The queue manager also maintains a history log 208.
[0022] The crawl process 201 gets a project from the crawl queue,
and scans ("crawls") the library file store to find files belonging
to the project that have been modified, created or deleted since
the last crawl. The crawl process creates a listfile 209 for the
project, containing an entry for each such file. When it has
finished processing a project, the crawl process moves the project
to the extract queue. The crawl process uses a pair of retrieval
log files, referred to as the old retlog 210 and the new retlog
211. The old retlog contains file names and time stamps of the
files that have been retrieved in the last crawl; the new retlog
contains file names and time stamps of the files that have been
retrieved in the current crawl.
[0023] The extract process 202 gets a project from the extract
queue. It then processes the project's listfile 209, by extracting
indexing data from the project documents. The indexing data is
added to the project's listfile, along with other custom data, to
produce an expanded listfile 212. When it has finished processing a
project, the extract process moves the project to the build
queue.
[0024] The build process 203 retrieves projects from the build
queue, and identifies the index associated with the first project,
using the index mapping table. The build process then updates that
index with changes from all queued projects associated with that
index. When the index is updated with changes from a project, the
build process moves that project to the history log 208.
[0025] The indexer also maintains a cache store, referred to as the
shadow library 213, which holds a copy of the extracted indexing
data and custom data for each document. This is organised in a
hierarchical tree structure similar to that of the library file
store, so that the cached data for a document can be accessed given
the library address and path of the document. The shadow library is
updated by the extract process whenever a document is updated or
its metadata changes. As will be shown, the shadow library can be
used instead of the library file store for purposes such as index
rebuilding, avoiding the need to extract the indexing data from the
documents.
[0026] The extract process 202 is likely to be the main bottleneck
of the indexing system, because extracting indexing information
from documents is very expensive in terms of resources. For this
reason, a number of instances of the extract process can be run in
parallel on parallel servers.
[0027] The various components of the indexer will now be described
in more detail.
The Queue Manager
[0028] The queue manager 204 is implemented as an API module. Each
of the indexing processes (crawl, extract and build) can call the
API in order to manage work flow through the system. Each queue is
a directory and project entries within a queue are simple state
files.
[0029] The input to the crawl queue 205 is managed by finding all
projects that are eligible for crawling and determining which is
the most eligible. More specifically, when the crawl process
requests a project, the queue manager performs the following steps
in an atomic operation: [0030] Retrieves a working-set list of
currently active projects. [0031] Adds to this list any projects
for which the project metadata has changed. [0032] Removes from the
list those projects which are currently in the extract or build
queues. [0033] Determines the most eligible project to crawl as the
one which is least recently processed i.e. the oldest project
record in the history log (taking into account that absence from
the log means that the project is even older and more worthy of
crawling). [0034] The most eligible project is placed in the crawl
queue and given to the crawl process.
[0035] It can be seen that only active projects are selected as
candidates for crawling and hence for indexing.
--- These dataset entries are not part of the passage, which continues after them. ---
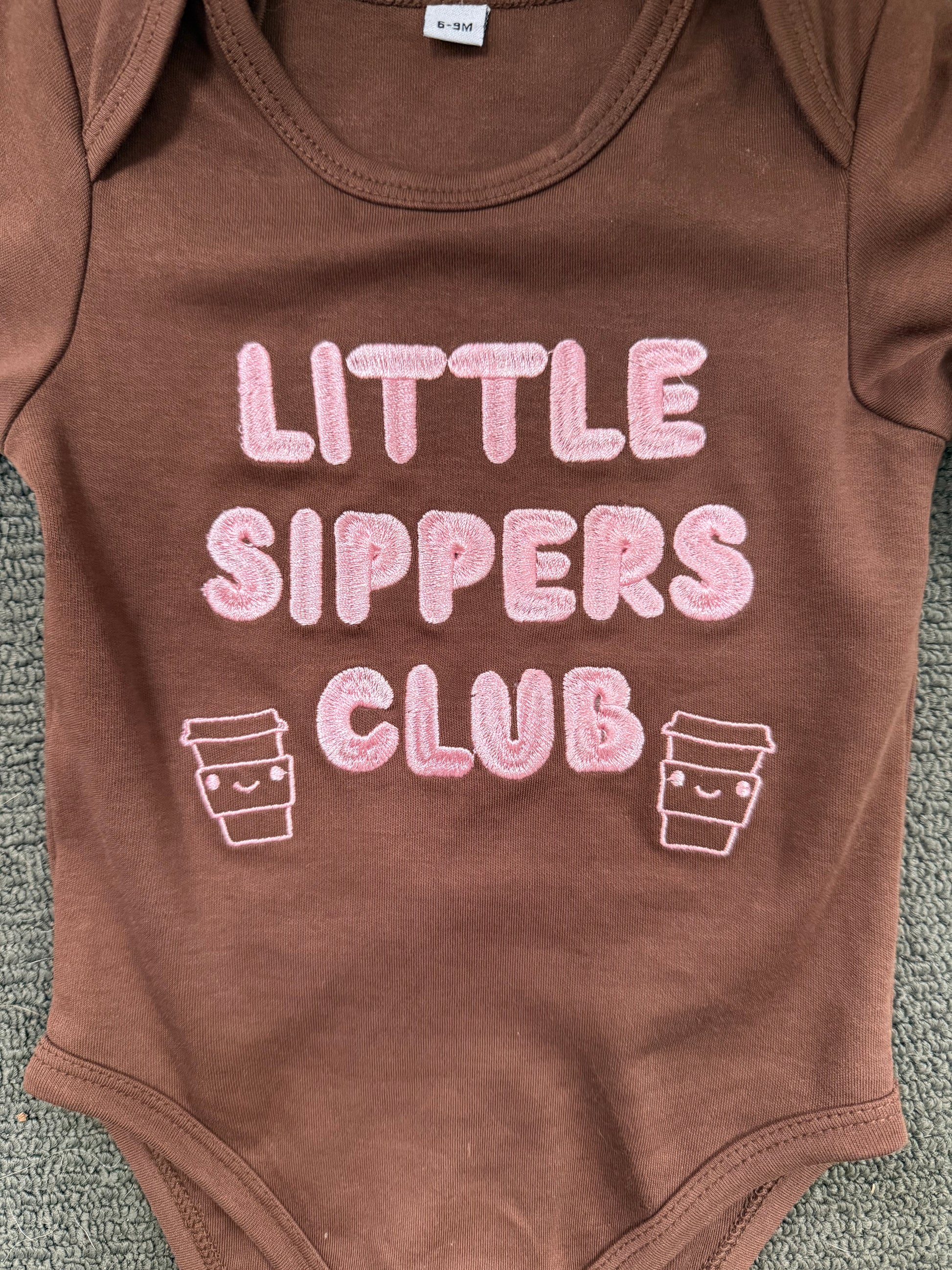 ☕ “Little Sippers Club” design is done in a print, so that no embroidery has a chance to scratch their little bodies
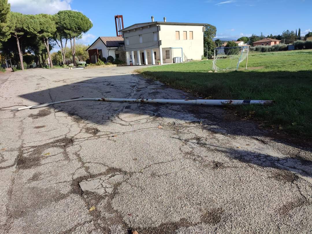 PERUGIA – Tragedia sfiorata a Balanzano, dove nella mattina di venerdì 18 novembre, un palo della luce è caduto a causa del vento, precipitando sulla strada di fronte al campetto parrocchiale. Caso ha voluto, per fortuna, che in quel momento non circolassero macchine e non ci fossero persone a passeggio o nonni per mano ai propri nipoti. Perché in effetti proprio più avanti in strada Tiberina Sud – dove il palo è caduto, si trova un asilo nido e una scuola elementare. Nessun danno a persone, ma il pericolo si è avvertito.
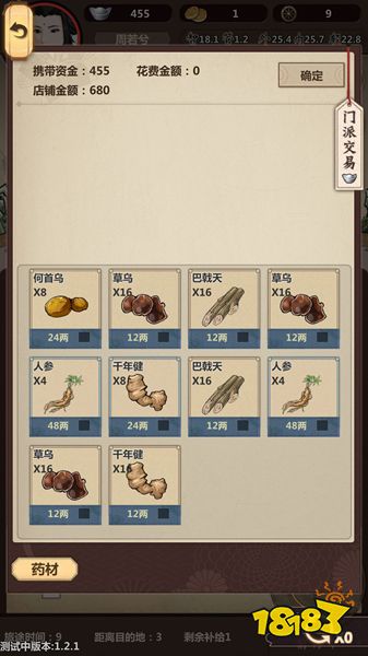 10.远行第一个能卖东西的商店只有556银子(差不多,记不大清了),所以开始的布和瓷器不要买太多,会卖不出去的,瓷器和布的收益是0.5倍,所以买300多到400两的东西就差不多了。卖马有二个商店,所以可以全买光。
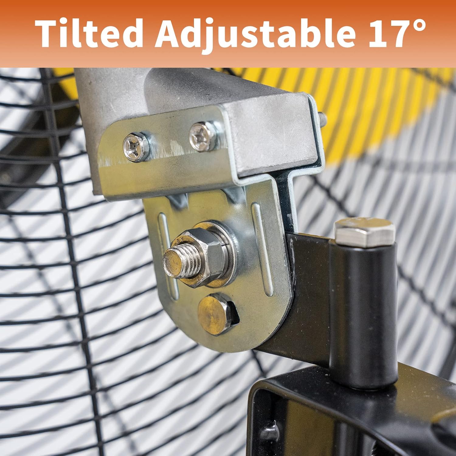- 【Tilting & Oscillating】: Keep the head fixed in one direction or 80° oscillating operation by enclosed easy click bottom. It also can be tilted vertically for optimum airflow or downward 17 degrees. Cool the whole room covering 50 feet of indoor & outdoor space comfortably.
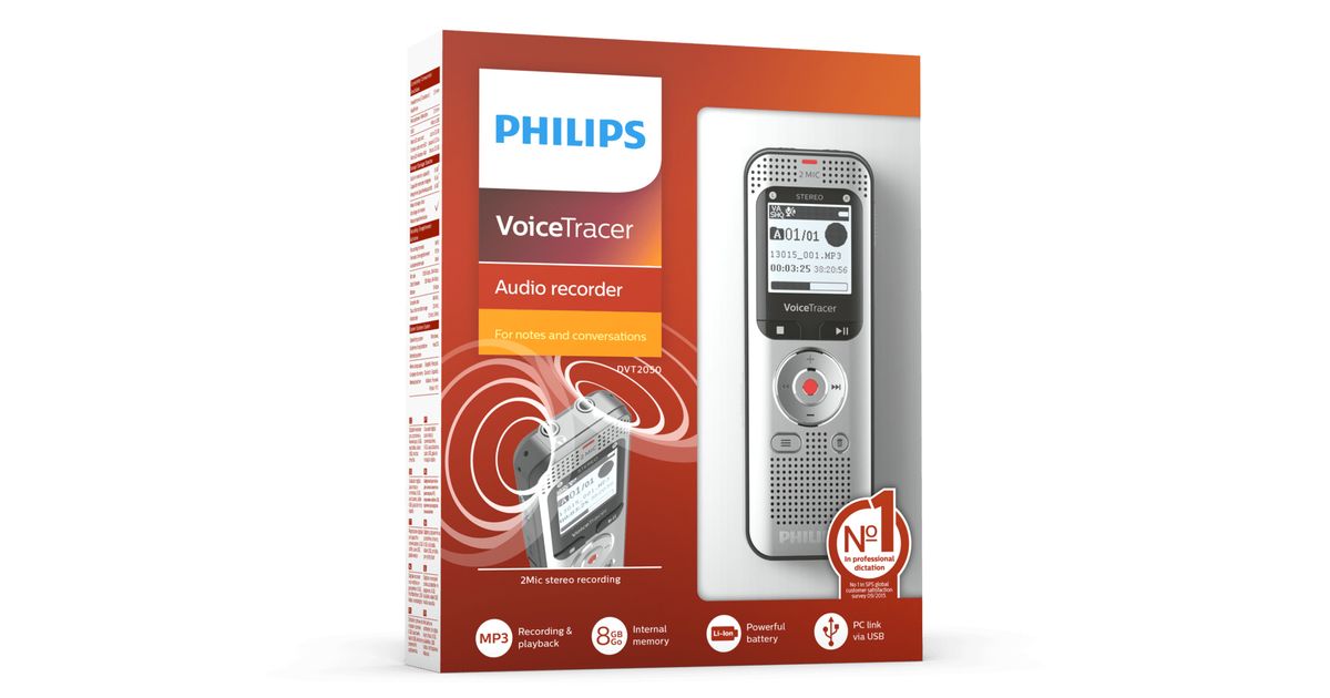 Philips Voice Tracer DVT2050/00, 50 h, Stereo (ST), MP3, WAV, 16 Ω, 8 - 128 Kbit/s, LCD
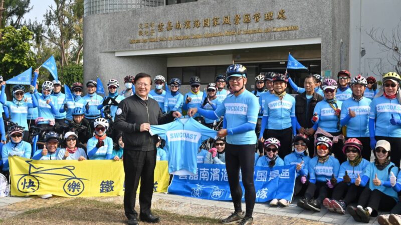 【今傳媒/記者張淑慧 報導】農曆春節將至,台南北門迎來朝氣蓬勃的景象。2月13日,一群退休人士共70位成員,在雲嘉南濱海國家風景區管理處徐振能處長致贈車衣儀式下,正式成立「快樂車隊」。隊伍中最受矚目的焦點,是高齡83歲人稱「一哥」的精神領袖,展現驚人的活力。他表示,年齡只是一個數字,快樂才是重點。從佳里糖廠退休後才開始接觸自行車運動,至今已完成兩次單車環島,成為車友眼中的傳奇人物。這群「不老騎士」具體實踐樂活精神,感受雲嘉南濱海鳥類、潮間帶生態、鹽業文化、王爺信仰的豐富底蘊。

This helps to
reduce the workload of the indexer, and to speed up incremental
index updates.
[0036] While the crawl is in progress, the project remains in the
crawl queue; there will only ever be one project in the crawl
queue, it is the active project. On successful completion, the
project is moved to the extract queue. If the crawl fails or no
document changes are detected, the project is moved directly to the
history log; it is still eligible for crawling, but at this point
it will be the least eligible.
[0037] The extract queue 206 is a first-in-first-out (FIFO) list:
projects are added to in the extract queue after being crawled, and
they are removed in the same order.
[0038] The extract queue can be used in a multi-processing
environment, so as to allow it to be accessed by multiple extract
processes (one on each available server). The queue manager uses
non-mandatory file locking on project state files to ensure that a
project is extracted by a single dedicated extract process.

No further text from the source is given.